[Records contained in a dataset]
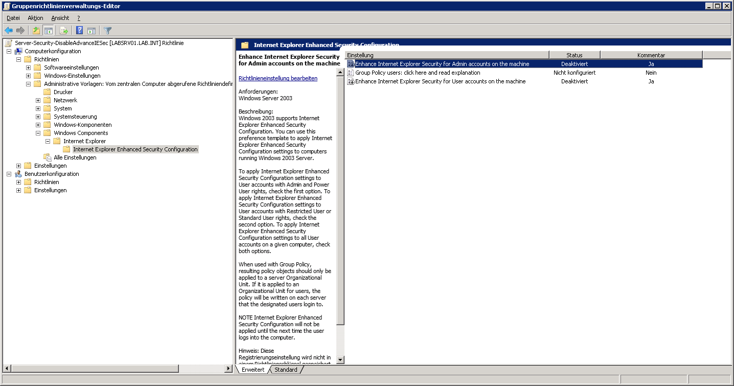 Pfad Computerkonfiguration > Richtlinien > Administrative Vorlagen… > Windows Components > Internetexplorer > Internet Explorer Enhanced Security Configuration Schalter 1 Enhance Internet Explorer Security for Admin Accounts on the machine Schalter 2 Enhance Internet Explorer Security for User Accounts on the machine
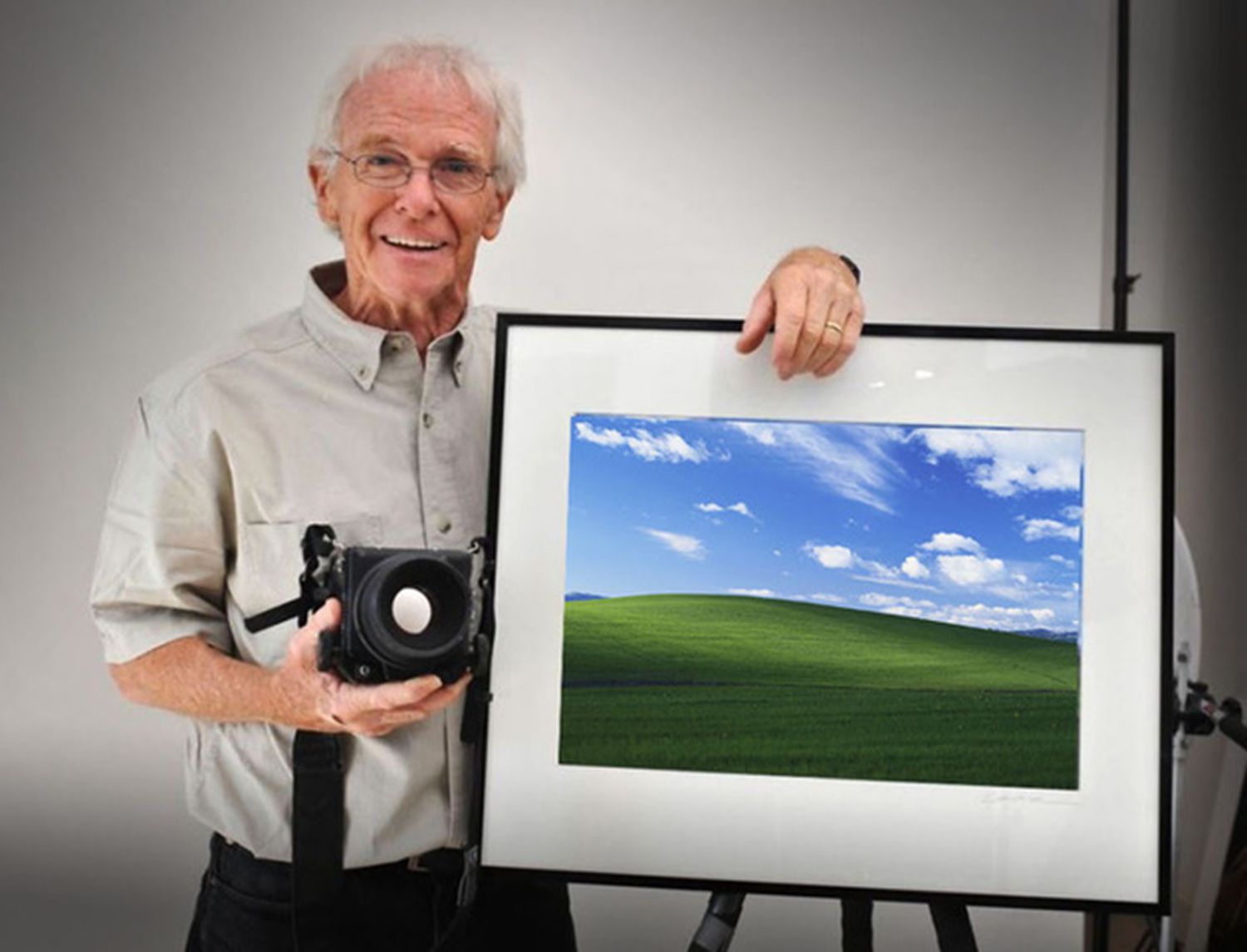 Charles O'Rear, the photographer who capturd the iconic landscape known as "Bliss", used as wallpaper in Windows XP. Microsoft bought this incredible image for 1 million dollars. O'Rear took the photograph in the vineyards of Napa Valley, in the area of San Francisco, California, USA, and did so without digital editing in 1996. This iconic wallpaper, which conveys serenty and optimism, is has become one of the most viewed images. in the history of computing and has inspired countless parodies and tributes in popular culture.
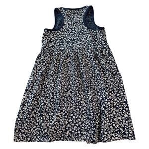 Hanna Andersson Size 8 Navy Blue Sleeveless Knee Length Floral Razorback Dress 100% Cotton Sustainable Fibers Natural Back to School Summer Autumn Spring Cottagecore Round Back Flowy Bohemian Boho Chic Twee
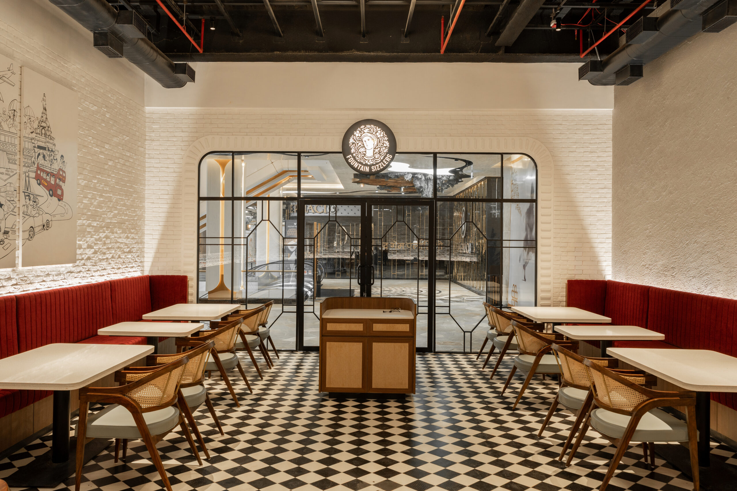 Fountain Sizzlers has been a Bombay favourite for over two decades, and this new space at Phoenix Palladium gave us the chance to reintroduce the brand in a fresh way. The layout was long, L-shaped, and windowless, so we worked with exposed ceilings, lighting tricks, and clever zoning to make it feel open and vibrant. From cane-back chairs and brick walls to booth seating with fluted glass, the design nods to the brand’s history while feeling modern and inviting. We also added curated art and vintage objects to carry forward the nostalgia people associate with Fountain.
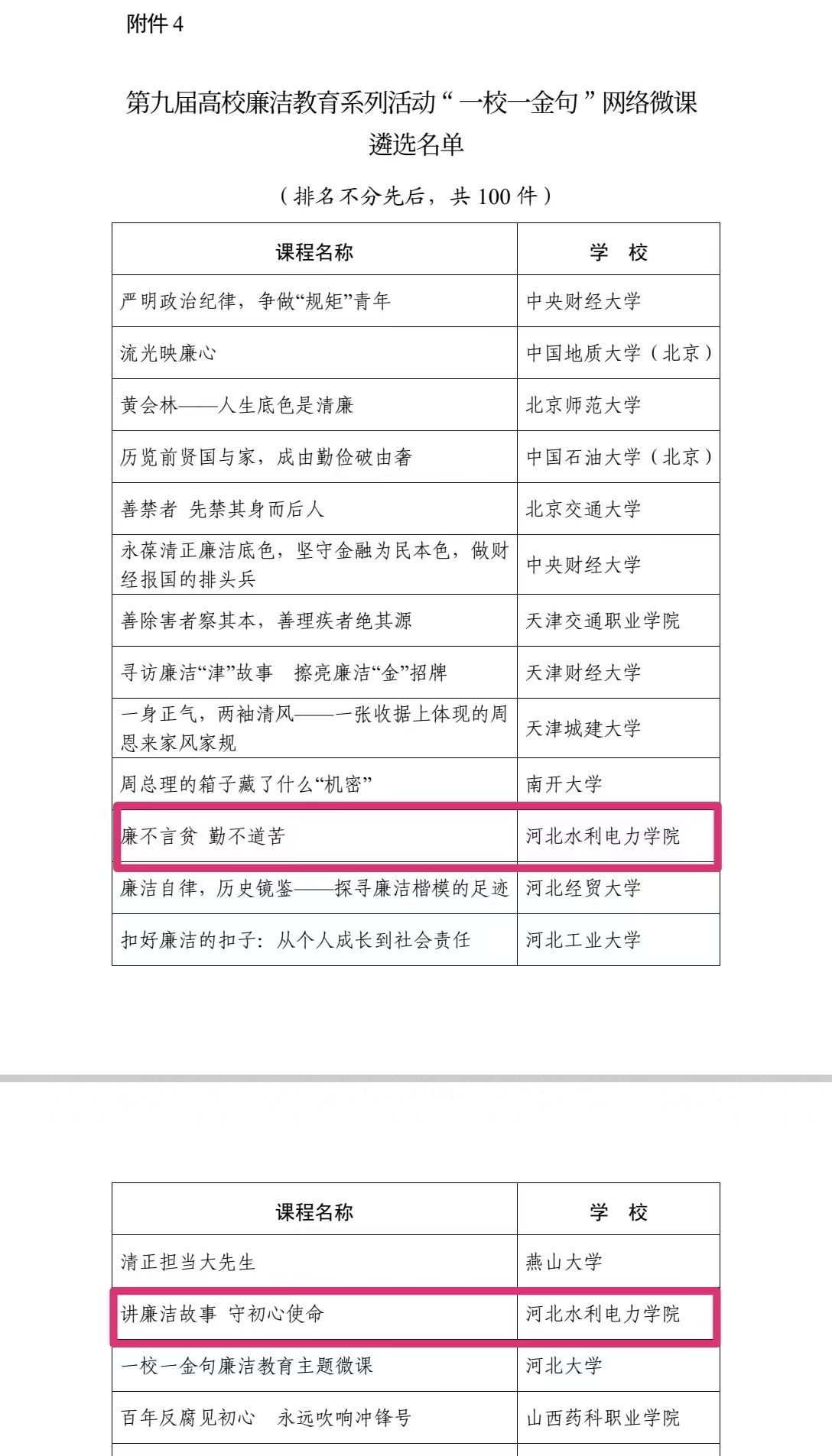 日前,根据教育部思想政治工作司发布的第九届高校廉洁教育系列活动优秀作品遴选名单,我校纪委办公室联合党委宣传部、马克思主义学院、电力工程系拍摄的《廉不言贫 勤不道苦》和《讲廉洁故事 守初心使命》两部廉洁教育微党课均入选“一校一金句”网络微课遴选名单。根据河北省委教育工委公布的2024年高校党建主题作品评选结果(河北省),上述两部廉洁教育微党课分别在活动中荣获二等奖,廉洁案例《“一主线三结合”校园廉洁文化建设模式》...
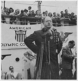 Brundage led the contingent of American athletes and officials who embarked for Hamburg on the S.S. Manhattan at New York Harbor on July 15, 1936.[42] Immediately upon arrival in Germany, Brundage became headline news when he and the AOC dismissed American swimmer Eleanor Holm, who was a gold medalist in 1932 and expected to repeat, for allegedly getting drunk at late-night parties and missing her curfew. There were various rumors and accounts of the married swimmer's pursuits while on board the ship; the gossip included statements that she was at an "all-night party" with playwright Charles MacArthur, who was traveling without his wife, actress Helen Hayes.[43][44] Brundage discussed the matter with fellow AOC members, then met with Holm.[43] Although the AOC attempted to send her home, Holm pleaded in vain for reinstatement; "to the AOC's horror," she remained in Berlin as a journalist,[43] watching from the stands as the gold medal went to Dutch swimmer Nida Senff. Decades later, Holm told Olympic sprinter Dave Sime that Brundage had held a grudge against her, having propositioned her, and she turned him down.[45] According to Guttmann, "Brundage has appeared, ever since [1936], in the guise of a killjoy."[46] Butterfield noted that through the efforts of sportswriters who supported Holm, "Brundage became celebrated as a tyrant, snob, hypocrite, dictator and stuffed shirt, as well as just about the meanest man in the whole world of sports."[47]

• TASK
Repeat all entries exactly, pictures excluded.

• PROBLEM SOLUTION
 Pfad Computerkonfiguration > Richtlinien > Administrative Vorlagen… > Windows Components > Internetexplorer > Internet Explorer Enhanced Security Configuration Schalter 1 Enhance Internet Explorer Security for Admin Accounts on the machine Schalter 2 Enhance Internet Explorer Security for User Accounts on the machine
 Charles O'Rear, the photographer who capturd the iconic landscape known as "Bliss", used as wallpaper in Windows XP. Microsoft bought this incredible image for 1 million dollars. O'Rear took the photograph in the vineyards of Napa Valley, in the area of San Francisco, California, USA, and did so without digital editing in 1996. This iconic wallpaper, which conveys serenty and optimism, is has become one of the most viewed images. in the history of computing and has inspired countless parodies and tributes in popular culture.
 Hanna Andersson Size 8 Navy Blue Sleeveless Knee Length Floral Razorback Dress 100% Cotton Sustainable Fibers Natural Back to School Summer Autumn Spring Cottagecore Round Back Flowy Bohemian Boho Chic Twee
 Fountain Sizzlers has been a Bombay favourite for over two decades, and this new space at Phoenix Palladium gave us the chance to reintroduce the brand in a fresh way. The layout was long, L-shaped, and windowless, so we worked with exposed ceilings, lighting tricks, and clever zoning to make it feel open and vibrant. From cane-back chairs and brick walls to booth seating with fluted glass, the design nods to the brand’s history while feeling modern and inviting. We also added curated art and vintage objects to carry forward the nostalgia people associate with Fountain.
 日前,根据教育部思想政治工作司发布的第九届高校廉洁教育系列活动优秀作品遴选名单,我校纪委办公室联合党委宣传部、马克思主义学院、电力工程系拍摄的《廉不言贫 勤不道苦》和《讲廉洁故事 守初心使命》两部廉洁教育微党课均入选“一校一金句”网络微课遴选名单。根据河北省委教育工委公布的2024年高校党建主题作品评选结果(河北省),上述两部廉洁教育微党课分别在活动中荣获二等奖,廉洁案例《“一主线三结合”校园廉洁文化建设模式》...
 Brundage led the contingent of American athletes and officials who embarked for Hamburg on the S.S. Manhattan at New York Harbor on July 15, 1936.[42] Immediately upon arrival in Germany, Brundage became headline news when he and the AOC dismissed American swimmer Eleanor Holm, who was a gold medalist in 1932 and expected to repeat, for allegedly getting drunk at late-night parties and missing her curfew. There were various rumors and accounts of the married swimmer's pursuits while on board the ship; the gossip included statements that she was at an "all-night party" with playwright Charles MacArthur, who was traveling without his wife, actress Helen Hayes.[43][44] Brundage discussed the matter with fellow AOC members, then met with Holm.[43] Although the AOC attempted to send her home, Holm pleaded in vain for reinstatement; "to the AOC's horror," she remained in Berlin as a journalist,[43] watching from the stands as the gold medal went to Dutch swimmer Nida Senff. Decades later, Holm told Olympic sprinter Dave Sime that Brundage had held a grudge against her, having propositioned her, and she turned him down.[45] According to Guttmann, "Brundage has appeared, ever since [1936], in the guise of a killjoy."[46] Butterfield noted that through the efforts of sportswriters who supported Holm, "Brundage became celebrated as a tyrant, snob, hypocrite, dictator and stuffed shirt, as well as just about the meanest man in the whole world of sports."[47]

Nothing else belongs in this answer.